E foi isso que aconteceu. Em todas as nossas interações com os judeus da Austrália no decorrer dos anos, eram os judeus da Rússia que se sentiam particularmente em um lar quando vinham para nossa casa.

Em 1986, após estarmos na Austrália por seis anos, o Rebe iniciou uma campanha para aumentar a atividade Chabad no mundo inteiro. Ele emitiu uma diretiva para expandir programas para crianças e idosos, e para abrir centros de Torá e prece onde quer que houvesse uma comunidade judaica, O Rebe falou sobre isso ao final de Chanucá e ele queria uma resposta, junto com fotos, em Dez de Tevet. Aquilo significava basicamente que tínhamos uma semana para fazer isso!

Naquela época, Chabad de Melbourne tinha uma yeshivá, que incluía uma sinagoga, mas não havia um centro Chabad nas redondezas. Ao ouvir aquilo que o Rebe disse, falei com meus colegas: “Olhem, a alguns minutos de distância, em Bentleigh, há um grande bairro judaico sem quaisquer serviços judaicos.” E eles decidiram se juntar e iniciar um Beit Chabad ali.

Mas não sabíamos o que fazer ou como começar. Deveríamos comprar uma casa ou uma loja?
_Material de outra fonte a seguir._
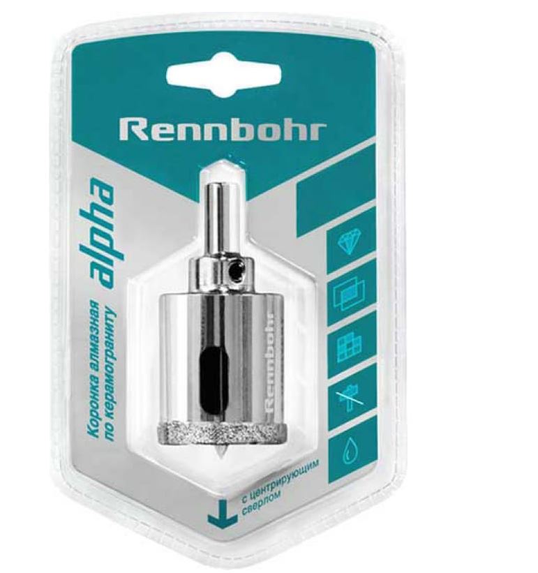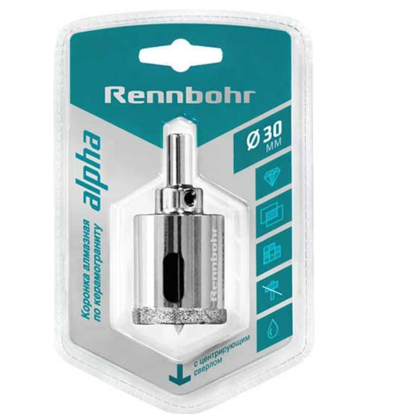 Коронка по керамике, керамограниту с центр.сверлом 30мм Rennbohr
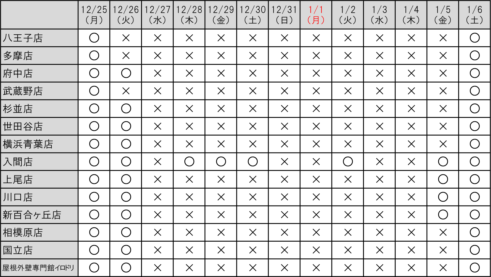 2023~2024年の年末年始営業につきまして、下記の通りお知らせいたします。

Mas nos sentíamos obrigados a não desapontar o Rebe, portanto fomos em frente e compramos uma casa com dois quartos, embora não tivéssemos tempo para planejar exatamente como seria dirigida.

Nos apressamos, e antes do dia marcado, Dez de Tevet, pudemos relatar ao Rebe sobre a compra e enviamos a ele uma foto do edifício que compramos.

O Rebe respondeu com um cheque de cem dólares e uma bênção para mais sucesso. Quanto à instrução do Rebe, um livro intitulado “Que Haja Luz” foi impresso e estou orgulhoso por dizer que inclui as fotos do nosso imóvel recém adquirido.

O Rebe respondeu com um cheque de cem dólares e uma bênção para obter mais sucesso. De acordo com as instruções do Rebe, um livro intitulado” Let There Be Light” [Que Haja Luz] foi impresso e tenho orgulho de dizer que inclui a imagem de nosso prédio recém-adquirido.

O nosso foi o primeiro Beit Chabad a ser aberto em uma comunidade australiana que não tinha tido nenhum serviço judaico. Quando adquirimos a casa, pensávamos que era algo grande, mas em pouco tempo o local se tornou tão popular que tivemos de nos mudar para um lugar maior. E então a ideia brotou dali – o estabelecimento do nosso Beit Chabad que abriu as portas para muitos outros Beit Chabad e atividades.

Em resposta ao pedido do Rebe fomos do nada para as dezenas de Casas Chabad que se espalharam em toda a Austrália no decorrer dos últimos trinta anos.